Книга: Стены вокруг нас
Назад: Грязь и гниль
Дальше: Дыра в ограде

Больше никогда

В тот день, когда мою лучшую подругу посадили в тюрьму, я ела сыр в ста милях от города.
В день проб я вообще ем только сыр – источник белка, энергии и удачи. Кусочек сыра утром, потом за час до выступления, чтобы усвоился, и всего крошку за пару минут до выхода. Глотаю, почти не жуя. Какая разница, что от меня воняет сыром, если он дает нужный эффект – мышцы разогреты, ноги послушны. Танцую не хуже примы. А я и стану примой, чего бы мне это ни стоило!
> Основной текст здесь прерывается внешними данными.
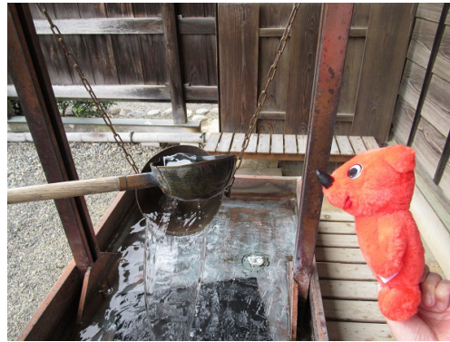
これは宥座之器っていうんだよ。孔子は、「満ちて覆らないものはない」と弟子たちに教えたんだよ。中庸の教え。
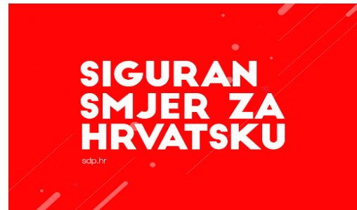
Slike broj 1 i 2: Izborni slogani HDZ i SDP za parlamentarne izbore 2016. godine slika 1 preuzeto sa: (3.3.2020.).

Od ostalih stranaka koje su igrale određenu, značajniju ulogu i u izbore su izlazili samostalno značajni su bili još i politička platforma MOST, sastavljena od niza lokalnih političara, te anarhijski politički pokret pod nazivom Živi Zid, a određeni broj glasova je osvajala izborna lista Milana Bandića. Ostale političke stranke i pojedinci su u istraživanjima javnog mijenja i popularnosti stranaka najčešće nisu prelazile izborni prag ili su osvajale minimalan broj mandata te im je jedina šansa za ulazak u Hrvatski Sabor bilo koaliranje sa nekom od većih političkih stranaka. Što se tiče političkih vođa kao što smo ranije rekli najznačajniji su bili Andrej Plenković na čelu HDZ i Zoran Milanović na čelu SDP. Od ostalih značajnih predstavnika političkih stranki ispred MOSTA je bio Božo Petrov, ispred Živog Zida je bio Ivan Vilibor Sinčić dok je listu Milana Bandića predvodio Milan Bandić, gradonačelnik Zagreba. Stranke su svoju kampanju bazirale najčešće na privlačnosti i prednostima svojih vođa. Tako je HDZ u prvi plan stavljao uspješnu diplomatsku karijeru Andreja Plenkovića, njegova poznanstva i ugled unutar Europske Unije, poznavanje jezika i uglađenost i odmjerenost u nastupu.
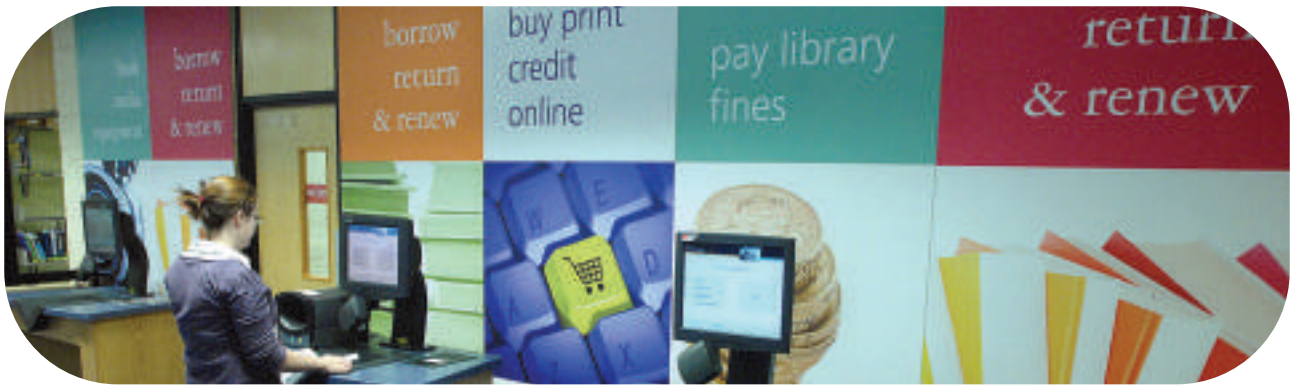
Canolfan Adnoddau Dysgu Trefforest, Prifysgol Morgannwg
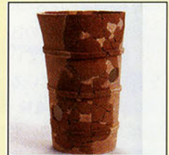
二子塚古墳出土埴輪
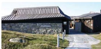
Friluftshuset Orre, Klepp
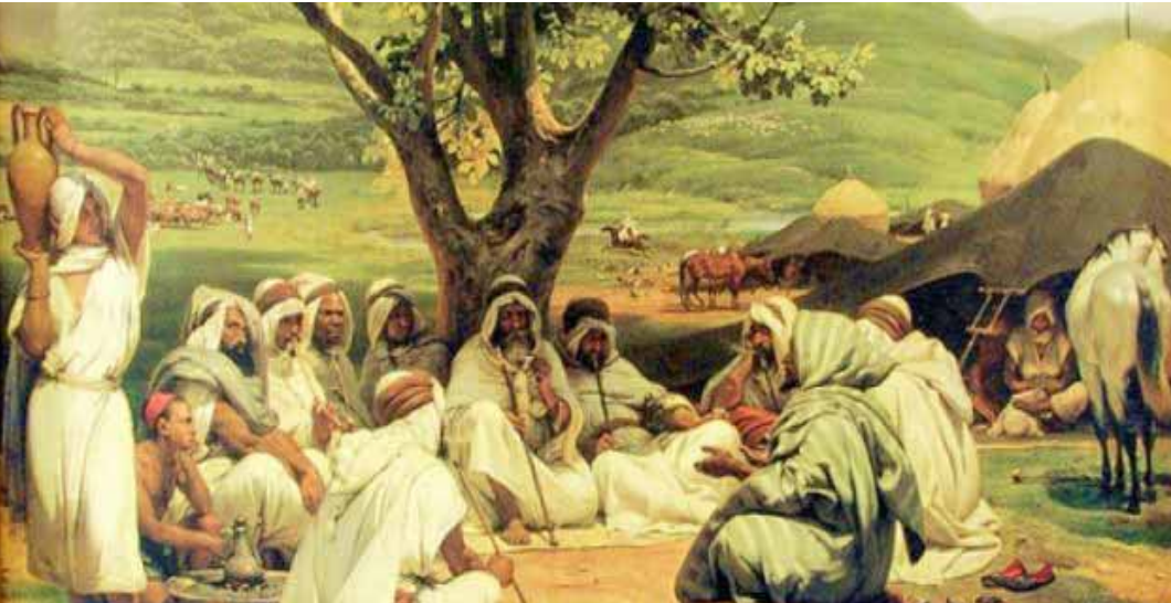
احدى القبائل العربية في العصر الاسلامي
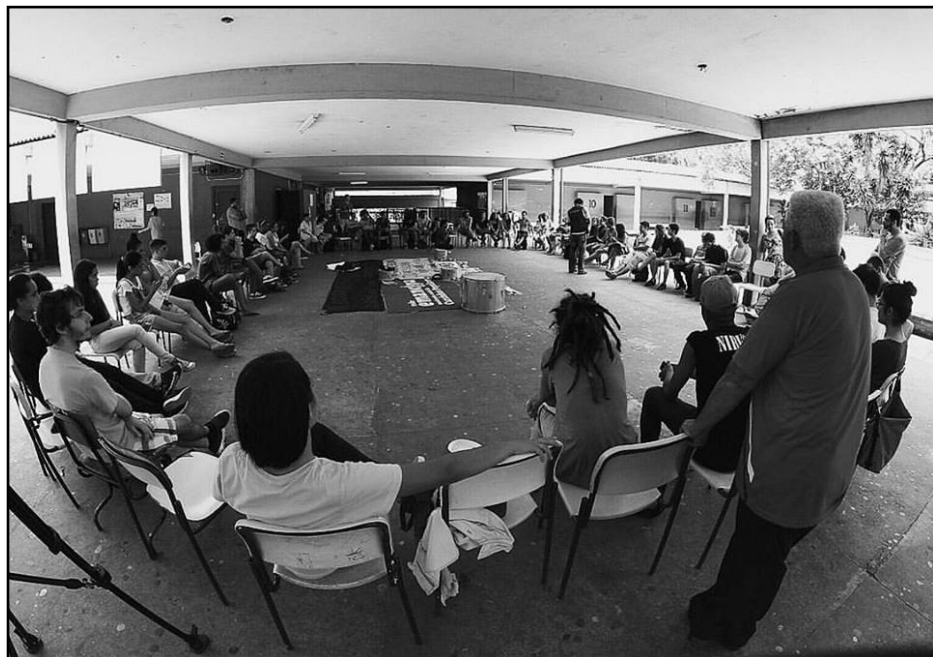
Encontro das Escolas de Luta na E. E. Brigadeiro Gavião Peixoto, em São Paulo, 28 de novembro de 2015.

Em 2015, os estudantes de São Paulo abriram o caminho para a resistência aos ataques do governo quando ocuparam diversas escolas no estado paulista contra a “reorganização” do governo de Geraldo Alckmin (PSDB), que também sem debate com os estudantes, professores e comunidade, pretendia fazer grandes alterações na suas estruturas de ensino e prevendo fechar cerca de 94 escolas. Imaginem o caos instalado, nas já lotadas escolas com essa proposta de maior

Мне исполнилось пятнадцать. Шла первая неделя августа. Лето Ори провела за решеткой на передержке в какой-то тюрьме, ее вскоре должны были отправить в «Аврору-Хиллз». Первое лето без нее. Дыра во мне была столь огромной, что я не решалась в нее заглянуть. Итак, я приехала на пробы. Я сжевала кусочек сыра. Я завязывала ленты на пуантах так, чтобы узел был сзади. Я мычала мотив из Стравинского, потом мне стало не по себе, и я перешла на Чайковского. Да, ее жизнь окончилась тем летом, – а моя нет. Моя продолжалась.
Я села на поперечный шпагат и легла животом на пол, руки вытянув вперед. Ладони встретили пустоту. Напротив никого. Некому потянуть на себя.
Я закрыла глаза и занялась дыхательной гимнастикой, которой меня научила Ори. Я представляла себя на лучшей сцене Нью-Йорка, к моим ногам летели розы, летели розы, летели розы. У меня свои ритуалы, и я не собираюсь их комкать, пусть сегодня ее увезут далеко на север.
Ее могли сослать хоть в Сибирь. Между нами и так уже разверзлась пропасть. Я не поеду ее навестить.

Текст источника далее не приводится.